Dr. James Galbraith, associate professor of emergency medicine, is leading the UMMC portion of an NIH-funded study to determine the best ways to identify who should be tested for hepatitis C infection in emergency department settings.
“The question is whether we offer testing to patients based on select self-reported risk factors or whether we offer hepatitis C testing to everyone – similar to current HIV testing recommendations,” he said.
Hepatitis C is curable with as little as an eight-week course of medication, but about 40 percent of the more than 2 million Americans with the infection aren’t aware they have it.
“There are no new scientific tools or advances needed to eliminate hepatitis C in our communities,” he said. “By raising infection awareness through testing, we reduce one of the significant healthcare barriers to treatment.”
By the end of December 2019, UMMC had received about $50 million in extramural funding, on pace for a $100 million fiscal year. Summers said COVID-19 “may have disrupted” some of the funding streams they were anticipating for 2020 and pushed investigators and clinicians to shift gears towards COVID-19 projects and priorities.

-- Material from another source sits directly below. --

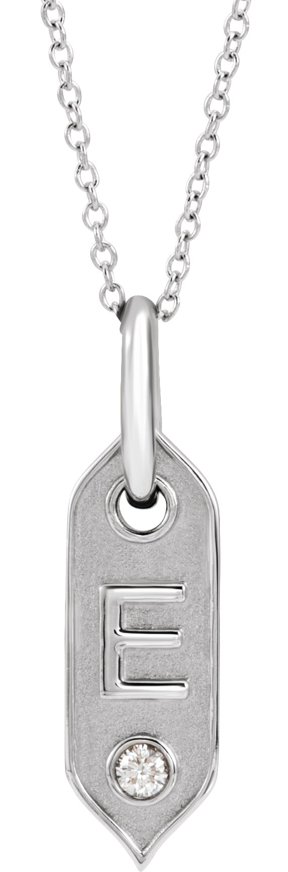 14K White Initial E .05 CT Diamond 16-18" Necklace
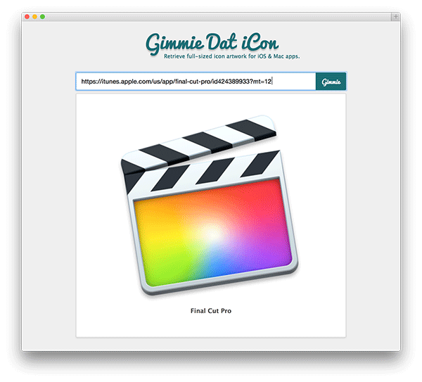 查看 API 的帮助文档,您会注意到该 API可以提供在iTunes商品里的各种内容的返回值:从音乐到电影到应用程序。 这对我们很有用,表明我们的这个小程序就不仅仅可以获得移动应用的图标了,同时也可以得到所有MAC系统的应用图标!Mac 系统的图标所用到的链接地址和 iOS 的应用类型是一样的。 例如: FCP 的链接如下所示: https://itunes.apple.com/us/app/final-cut-pro/id424389933?mt=12. 我们很熟悉的格式了,以 http://itunes 开头, 同时里面包含该应用的 ID信息了,这些都是我们需要的。

UMMC received several extramural awards to support health care operations during the pandemic, including a $1 million award from the Federal Communications Commission the Center for Telehealth. The Medical Center also activated at least 14 COVID-19 clinical studies and trials during FY20 and has listed at least five more for the current fiscal year.

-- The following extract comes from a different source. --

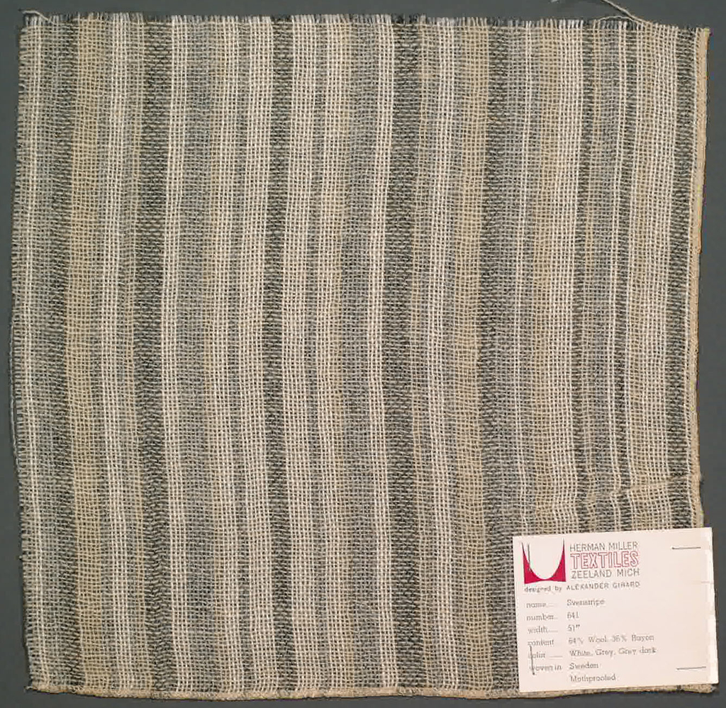 This is a Sample. It was designed by Alexander Hayden Girard and produced by Herman Miller Furniture Company. It is dated 1961 and we acquired it in 1969. Its medium is wool (64%) and rayon (36%) and its technique is plain weave. It is a part of the Textiles department.

Galbraith, who serves as research director for the Department of Emergency Medicine, said he and his colleagues have been testing treatments for COVID-19, studying the risk of acquiring the virus in the health care setting, and validating a commercial rapid antigen test that recently received an Emergency Use Authorization from the Food and Drug Administration.

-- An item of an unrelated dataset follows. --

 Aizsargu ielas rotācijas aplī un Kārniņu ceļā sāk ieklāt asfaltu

“We are very proud to facilitate the release of this much needed rapid, point-of-care COVID-19 test,” he said.
Everyone from medical students volunteers to research staff to residents have been involved in these clinical research projects, he added, whether it be reviewing charts, collecting blood samples, or facilitating conversations between potential research volunteers and family member who cannot stay with them due to the current isolation protocols.
Currently, there’s no sign of the projects slowing down.
“We know we will have more COVID-19-related funding coming in the next fiscal year,” Summers said.
UMMC’s banner year for funding also included high numbers of publications. UMMC researchers authored more than 1000 peer-reviewed papers during the year, up from the typical 700-800 occurring in recent years. In addition, the Intellectual Property and Commercialization Office reported 17 invention disclosures, 17 patent applications, and one U.S. patent.
“We are continuing to see high productivity,” Summers said, which helps drive further research funding.
“You go into research to explore ideas, make discoveries about the world and create your own hypotheses,” Summers said. “Our goal at UMMC is to build a deep research culture where people are excited to work.”